Ask the students to list some of the supplies they think a traveler in the nineteenth century would need on the Oregon Trail. List the students' ideas on the board. Share the Basic Supply List. Compare the students' responses with the list.

Compare the basic supply list to the dietary guidelines for Americans. Ask the students to tell if the basic supply list would provide the proper nutrition for the travelers. Why or why not?

How would their diet effect their physical and mental wellness? How did the 'settlers', 'pioneers', 'travelers', 'explorers' stay healthy as they traveled? How did they supplement their diets as they traveled? (Wild game, foraging long the trail, trading, etc.)

Ask the students to think of some meals the travelers may have created from their supplies. The flour and salt could have been made into something like crackers. The beans could have been cooked, spiced, then mashed to make a paste-like substance, something like refried beans.

Share a cracker with a little refried beans (served room temperature straight from the can) spread on the cracker.

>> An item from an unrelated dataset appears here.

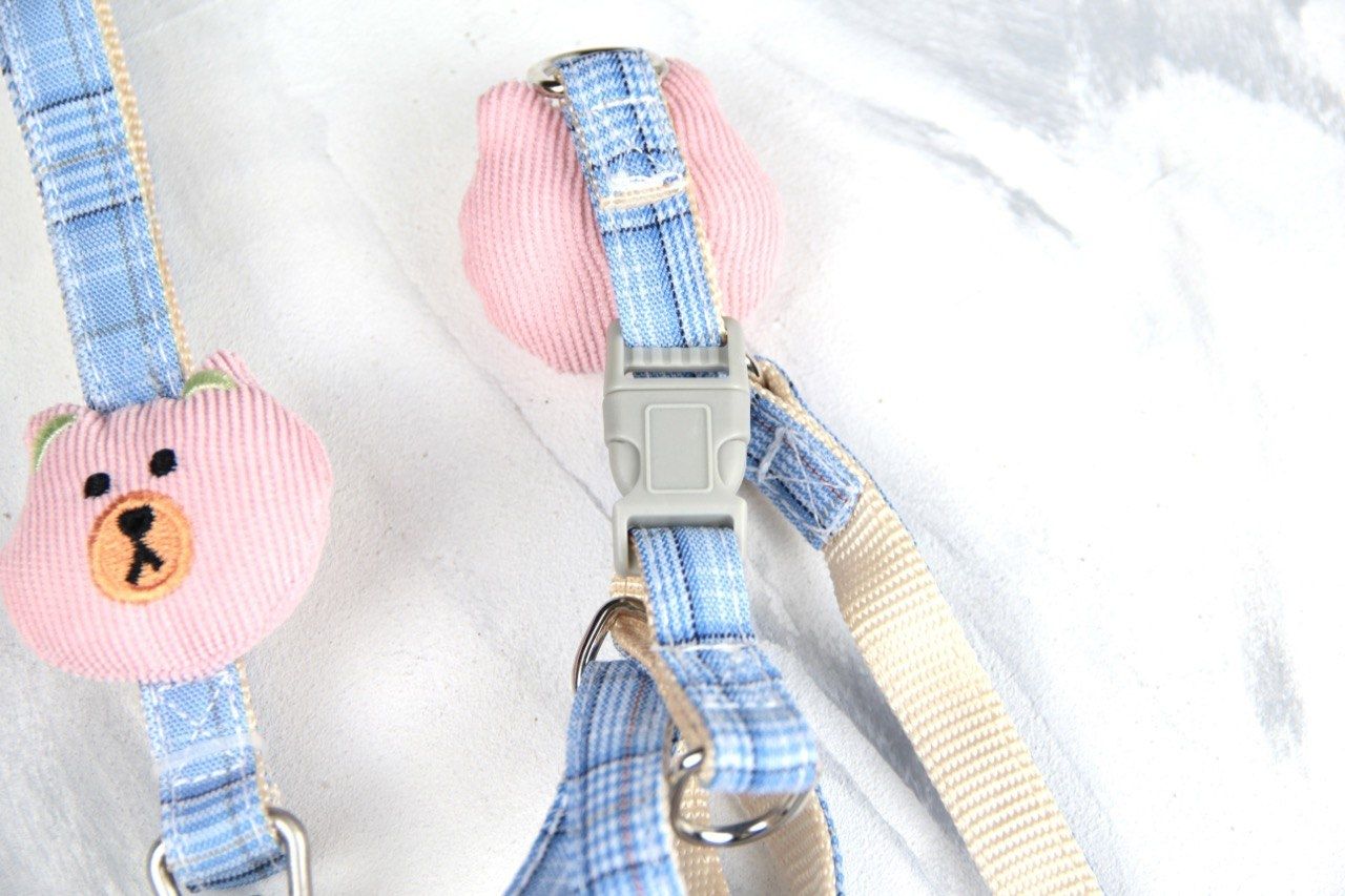Комплект Собачки - ідеальний вибір для цуценят і дрібних собак. Блакитний колір шлеї з повідцем додає ніжності та стильності. Цей комплект виготовлений з увагою до комфорту вашого пухнастого друга, забезпечуючи безпечні та радісні прогулянки разом. Так ви зможете насолоджуватися спільними моментами та створити лише позитивні спогади про прогулянки з вашим улюбленцем.Довжина повідця 120 см

Ask the students if they think they would have liked this sort of meal. Ask the students to think of other ways flour and beans could have been served on the trail.


  1. Using the Basic Supply List, divide each food item by the amount of days calculated for the trip to determine the daily ration.
  2. Tie in the curriculum of Social Studies Standard 6050-08-01 of experiencing the culture of Mexico by talking about other ways to serve refried beans. Invite someone from Mexico to share the food culture.
  3. Using the 6+1 Traits of Writing, have the students write as if they are writing a journal entry in the 19th century as they traveled along the Oregon Trail. The students are to include information about the available nutritional value of their diet.
  4. Have a guest speaker talk about hiking by foot so many mile per day and how that physical exertion affected their appetite, what they ate, etc.
  5. Provide statistics about the illnesses and deaths of those who traveled along the Oregon Trail in the nineteenth century.

Assessment Plan

Using the 6+1 Traits of Writing, have the students write as if they were a 19th century traveler along the Oregon Trail making a journal entry, incorporating thoughts about nutrition and how it impacts the health of individuals and communities.